窗外的夜色浓得化不开,屋里的灯光却暖融融的,裹着两张凑在地图前的身影。
铅笔尖沿着地图的山脊线慢慢划动,
袁朗指尖按在 167 高地的主峰标记上,指节轻轻敲了敲纸面:
“潜伏哨按老规矩压主峰,视野是敞亮,可也太显眼。侦察兵扫过来,第一个点的就是制高点。真要昼夜连蹲,撑不到后半夜就得被人摸了哨。”
许三多俯着身,指尖落在主峰侧后方的次峰坳口,指腹蹭过密密的等高线:
“不一定非得顶在最高处。您瞅这儿,次峰背风的坳口,三面让冷杉林挡着,
正面往上攻得爬四十度陡坡,视野却能兜住山下整条盘山路。山势往这儿收,穿堂风刮不进来,雨天山水顺着山脊走,坳子里不积水,蹲三天三夜不用挪窝。”
袁朗手里的铅笔猛地顿在半空。
他抬眼看向许三多,眉梢挑起来,铅笔在指尖转了个利落的圈:“这路子不对教材。你从哪儿淘来的法子?”
“以前翻了些旧书,讲山势地理的。”
许三多挠了挠后脑勺,指尖又点了点坳口旁的灌木丛标记,
“书里说藏人要‘背山借树,避水就坳’,跟咱们选潜伏阵地的道理对得上。去年我们七连外出驻训,我试了一回,蹲了两天两夜,侦察排从边上过三回,都没瞅见我。”
他顿了顿,又补了句:
“还有雨天追踪,脚印被冲没了,就看草茎弯折的朝向、树皮蹭痕的高低,能估摸出大概人数和带没带重装备。也是书里写的老法子,试过几回,误差不大。”
台灯的光落在地图上,晕开一圈暖黄。
屋里静了几秒,只剩窗外晚风刮过杨树的沙沙声。
袁朗看着他,忽然低笑出声,把铅笔往桌上一撂,抱着胳膊往椅背上一靠:
“三多。你真是给了我太多的惊喜了。”
许三多耳尖微微发热,低头把散着的草稿纸理齐,“就是看着书里说的,跟实地能对上,就试着改了改用。能用在训练上就行。”
“能用?这可比教材上的死规矩管用多了。”
袁朗往前倾了倾身,指尖点在那处坳口上,眼神亮得慑人,
“真上了战场,敌人不会按教材摆阵地。能把杂七杂八的学问,都拧成实战能用的招,才是真会带兵。”
他起身抄过墙角的军大衣,抖开了往许三多肩上一搭:
“不熬了,回去歇着。下周拉练,你带一组前沿侦察,就用你这些法子。我倒要看看,你能不能把区队那帮老侦察油子,全绕得找不着北。”

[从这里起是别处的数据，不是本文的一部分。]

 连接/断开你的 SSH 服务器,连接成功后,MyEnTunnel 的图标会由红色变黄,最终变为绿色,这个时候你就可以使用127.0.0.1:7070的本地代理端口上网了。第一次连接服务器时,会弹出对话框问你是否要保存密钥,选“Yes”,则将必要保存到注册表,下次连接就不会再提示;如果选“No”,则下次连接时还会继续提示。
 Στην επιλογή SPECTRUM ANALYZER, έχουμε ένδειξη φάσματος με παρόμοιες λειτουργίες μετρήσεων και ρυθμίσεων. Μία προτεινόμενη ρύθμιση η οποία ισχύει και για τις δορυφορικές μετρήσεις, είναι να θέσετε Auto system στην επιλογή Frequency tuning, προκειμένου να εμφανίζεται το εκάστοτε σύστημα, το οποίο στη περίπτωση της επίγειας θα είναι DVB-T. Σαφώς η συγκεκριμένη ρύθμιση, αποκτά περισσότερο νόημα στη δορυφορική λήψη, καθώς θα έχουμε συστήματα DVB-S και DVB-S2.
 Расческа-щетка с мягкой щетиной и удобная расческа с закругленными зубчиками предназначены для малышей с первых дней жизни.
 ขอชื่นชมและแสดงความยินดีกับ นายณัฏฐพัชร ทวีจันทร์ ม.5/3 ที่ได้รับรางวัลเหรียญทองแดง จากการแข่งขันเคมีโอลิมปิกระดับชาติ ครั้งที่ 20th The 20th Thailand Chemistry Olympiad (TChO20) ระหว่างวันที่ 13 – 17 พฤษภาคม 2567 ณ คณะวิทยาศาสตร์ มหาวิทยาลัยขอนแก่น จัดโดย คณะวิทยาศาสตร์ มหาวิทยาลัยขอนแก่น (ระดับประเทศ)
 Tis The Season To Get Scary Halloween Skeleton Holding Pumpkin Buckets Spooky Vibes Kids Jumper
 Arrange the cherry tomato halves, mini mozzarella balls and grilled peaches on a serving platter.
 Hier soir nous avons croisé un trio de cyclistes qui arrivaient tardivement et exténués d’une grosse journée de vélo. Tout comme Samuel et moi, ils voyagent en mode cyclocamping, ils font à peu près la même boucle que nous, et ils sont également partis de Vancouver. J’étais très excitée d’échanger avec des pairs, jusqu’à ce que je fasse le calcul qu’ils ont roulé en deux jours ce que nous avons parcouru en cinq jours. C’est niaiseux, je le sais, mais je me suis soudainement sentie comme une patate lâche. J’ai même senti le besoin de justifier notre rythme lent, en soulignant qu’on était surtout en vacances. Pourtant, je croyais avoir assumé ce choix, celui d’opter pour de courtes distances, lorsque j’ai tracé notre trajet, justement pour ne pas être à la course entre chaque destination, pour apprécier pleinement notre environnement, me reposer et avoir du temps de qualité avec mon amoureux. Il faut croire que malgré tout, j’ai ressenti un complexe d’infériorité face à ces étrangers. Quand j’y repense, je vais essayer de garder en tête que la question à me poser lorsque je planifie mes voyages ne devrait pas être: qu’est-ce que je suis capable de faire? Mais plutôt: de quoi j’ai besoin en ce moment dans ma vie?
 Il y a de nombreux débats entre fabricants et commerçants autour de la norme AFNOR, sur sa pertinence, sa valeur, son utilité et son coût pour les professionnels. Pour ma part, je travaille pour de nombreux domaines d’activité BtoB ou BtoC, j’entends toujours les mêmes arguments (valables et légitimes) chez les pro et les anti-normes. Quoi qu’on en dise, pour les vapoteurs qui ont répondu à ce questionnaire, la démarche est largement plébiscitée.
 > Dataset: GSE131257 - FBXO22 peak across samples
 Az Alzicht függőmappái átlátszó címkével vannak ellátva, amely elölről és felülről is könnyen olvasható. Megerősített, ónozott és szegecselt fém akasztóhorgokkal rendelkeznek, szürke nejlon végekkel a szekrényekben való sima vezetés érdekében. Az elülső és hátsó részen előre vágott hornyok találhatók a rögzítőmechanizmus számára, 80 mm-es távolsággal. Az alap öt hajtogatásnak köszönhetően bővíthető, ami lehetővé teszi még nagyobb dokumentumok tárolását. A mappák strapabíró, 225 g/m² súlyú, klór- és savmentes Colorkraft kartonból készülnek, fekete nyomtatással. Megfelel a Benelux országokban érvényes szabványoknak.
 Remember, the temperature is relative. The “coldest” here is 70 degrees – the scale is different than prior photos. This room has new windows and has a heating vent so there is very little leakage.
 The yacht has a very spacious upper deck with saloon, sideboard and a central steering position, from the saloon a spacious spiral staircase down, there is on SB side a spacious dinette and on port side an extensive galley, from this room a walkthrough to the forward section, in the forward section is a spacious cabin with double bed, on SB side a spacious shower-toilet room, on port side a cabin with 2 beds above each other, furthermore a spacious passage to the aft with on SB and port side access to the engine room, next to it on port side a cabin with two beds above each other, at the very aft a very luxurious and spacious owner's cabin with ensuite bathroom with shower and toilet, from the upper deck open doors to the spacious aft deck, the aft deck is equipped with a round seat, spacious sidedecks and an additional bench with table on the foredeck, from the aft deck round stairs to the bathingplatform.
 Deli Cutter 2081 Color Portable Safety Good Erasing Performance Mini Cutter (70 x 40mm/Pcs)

许三多攥紧大衣领口,腰杆猛地挺直,声线亮堂:“是!保证完成任务!”
他转身拉开门,刚迈出去半步,身后又飘来袁朗带着笑意的声音:
“对了,那些旧书里的门道,等拉练完,也给我说道说道。我也学学老辈人的讲究。”
许三多脚步顿住,回头笑了笑,露出一口白牙:“是。”
门轻轻合上,走廊的声控灯被脚步声次第踩亮。
办公室里,袁朗站在地图前,指尖还停在那处不起眼的坳口。
他低头看着纸上弯弯曲曲的等高线,嘴角的笑意慢慢转变成意味深长。
晨雾裹着松针味漫过山腰,碎石子路沾着夜露,踩上去沙沙地响。
许三多走在前头,军裤裤腿卷到小腿肚,沾了满腿草屑。
他每走百十米就蹲下身,膝盖顶着文件夹,铅笔在五万分之一地形图上快速标注拐点海拔、植被遮挡纵深、土质软硬程度,侧脸的迷彩蹭掉了小半块,露出的皮肤在墨绿色林子里格外扎眼。
“三多。”
袁朗慢悠悠跟在后面,喊了一声。
许三多笔尖刚落下一道短杠,闻声抬头,铅笔还夹在指缝里,眼神疑惑首长?”
“以后出任务、搞演习,迷彩涂全了。” 袁朗抬抬下巴,点了点自己的脖颈,“脖子也别落下,光涂脸没用。”
许三多愣了愣,指尖下意识蹭了蹭自己的下颌。
“还有。” 袁朗又补了句,语气带着点漫不经心的笑,“也别随便笑。脸太白,一笑牙更亮,隔着二百米都能瞅见,太容易暴露目标。知道不?”
许三多没接话。
他合上文件夹,铅笔往耳后一夹,起身径直往前走,脚步比刚才快了小半拍,踩得落叶哗哗响。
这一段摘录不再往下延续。